DIARIZATION_ENABLED=${DIARIZATION_ENABLED:-true}
HF_TOKEN=${HF_TOKEN:-""}
BUCKET_NAME=${BUCKET_NAME:-"whisper-video-transcripts"}
# Output file names with the same format
TRANSCRIPT_PREFIX="${ORIGINAL_FILENAME}_${START_MIN}_${END_MIN}_${RANDOM_SUFFIX}"
TRANSCRIPT_FILE="${TRANSCRIPT_PREFIX}.txt"
FINAL_TRANSCRIPT_FILE="${TRANSCRIPT_PREFIX}_final.txt"
SRT_FILE="${TRANSCRIPT_PREFIX}.srt"
VTT_FILE="${TRANSCRIPT_PREFIX}.vtt"
# === CONTROLLI PRELIMINARI ===
if [ ! -f "$KEY_FILE" ]; then
echo "❌ Chiave SSH non trovata in $KEY_FILE"
exit 1
fi
if [ ! -f "parallel_transcript.py" ]; then
echo "❌ File parallel_transcript.py non trovato"
exit 1
fi
if [ ! -f "$VIDEO_FILE" ]; then
echo "❌ File video $VIDEO_FILE non trovato"
exit 1
fi
# === CONVERTI MP4 IN WAV E APPLICA CROP PRIMA DELL'UPLOAD ===
echo "🎙️ Converto $VIDEO_FILE in $AUDIO_FILE con crop applicato..."
FFMPEG_CMD="ffmpeg -i \"$VIDEO_FILE\""
# Aggiungi parametri di crop se START_MIN o END_MIN sono impostati
if [ "$START_MIN" != "0" ] || [ "$END_MIN" != "0" ]; then
START_SEC=$((START_MIN * 60))
if [ "$END_MIN" != "0" ]; then
END_SEC=$((END_MIN * 60))
FFMPEG_CMD+=" -ss $START_SEC -to $END_SEC"
else
FFMPEG_CMD+=" -ss $START_SEC"
fi
echo "⏱️ Crop video da $START_MIN min a ${END_MIN:-fine} min"
fi
# Completa il comando ffmpeg con gli altri parametri necessari
FFMPEG_CMD+=" -ac 1 -ar 16000 -vn \"$AUDIO_FILE\" -y"
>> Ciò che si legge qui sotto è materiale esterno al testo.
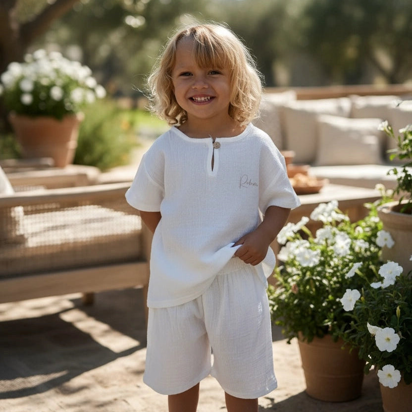 Cet ensemble en double gaze de coton dégage une sensation de légèreté, de naturel et de confort absolu.

# Esegui il comando ffmpeg
eval $FFMPEG_CMD
echo "☁️ Controllo se l'audio è già presente su S3..."
AUDIO_UPLOADED=""
if ! aws s3 ls s3://$BUCKET_NAME/$AUDIO_FILE >/dev/null 2>&1; then
echo "⬆️ Carico $AUDIO_FILE su S3..."
aws s3 cp $AUDIO_FILE s3://$BUCKET_NAME/
AUDIO_UPLOADED="true"
else
echo "✅ Audio già presente su S3. Salto upload."
fi
# === CONTROLLA O CREA LA DEFAULT VPC ===
echo "🔍 Controllo default VPC nella regione $REGION..."
DEFAULT_VPC_ID=$(aws ec2 describe-vpcs --region $REGION --filters Name=isDefault,Values=true --query "Vpcs[0].VpcId" --output text)
if [ "$DEFAULT_VPC_ID" = "None" ]; then
echo " Nessuna default VPC trovata. La creo..."
DEFAULT_VPC_ID=$(aws ec2 create-default-vpc --region $REGION --query "Vpc.VpcId" --output text)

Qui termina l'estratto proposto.